PROVIDED ENTRIES »
• • •
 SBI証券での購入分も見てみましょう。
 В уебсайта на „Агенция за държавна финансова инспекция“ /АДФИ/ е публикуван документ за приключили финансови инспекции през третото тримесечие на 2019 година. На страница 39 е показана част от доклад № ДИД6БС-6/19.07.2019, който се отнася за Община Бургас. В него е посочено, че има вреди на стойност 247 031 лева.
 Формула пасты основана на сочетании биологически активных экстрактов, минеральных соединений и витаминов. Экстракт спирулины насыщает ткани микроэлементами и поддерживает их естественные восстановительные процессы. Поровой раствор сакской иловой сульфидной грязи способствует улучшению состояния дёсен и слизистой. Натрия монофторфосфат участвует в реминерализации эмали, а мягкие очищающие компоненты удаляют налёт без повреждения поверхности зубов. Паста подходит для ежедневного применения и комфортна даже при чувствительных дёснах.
• • •
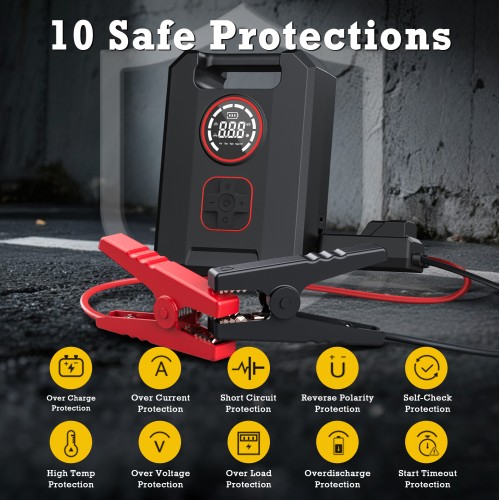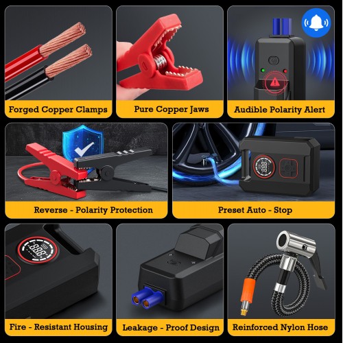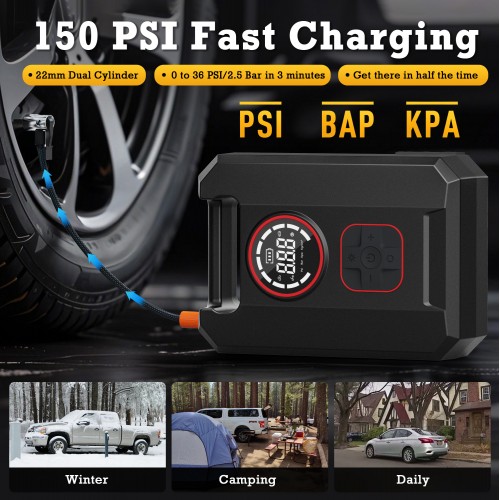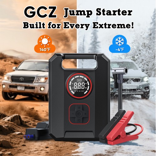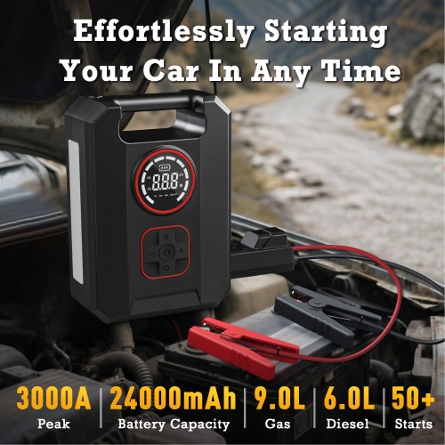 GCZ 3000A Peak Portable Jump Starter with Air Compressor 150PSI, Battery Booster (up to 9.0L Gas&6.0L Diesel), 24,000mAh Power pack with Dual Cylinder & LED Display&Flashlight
• • •
Both the line containing "В уебсайта на" and the line containing "Формула пасты основана" belong in the answer. Print them and every line above that falls between them exactly, and no others.

WRITTEN SOLUTION »
 В уебсайта на „Агенция за държавна финансова инспекция“ /АДФИ/ е публикуван документ за приключили финансови инспекции през третото тримесечие на 2019 година. На страница 39 е показана част от доклад № ДИД6БС-6/19.07.2019, който се отнася за Община Бургас. В него е посочено, че има вреди на стойност 247 031 лева.
 Формула пасты основана на сочетании биологически активных экстрактов, минеральных соединений и витаминов. Экстракт спирулины насыщает ткани микроэлементами и поддерживает их естественные восстановительные процессы. Поровой раствор сакской иловой сульфидной грязи способствует улучшению состояния дёсен и слизистой. Натрия монофторфосфат участвует в реминерализации эмали, а мягкие очищающие компоненты удаляют налёт без повреждения поверхности зубов. Паста подходит для ежедневного применения и комфортна даже при чувствительных дёснах.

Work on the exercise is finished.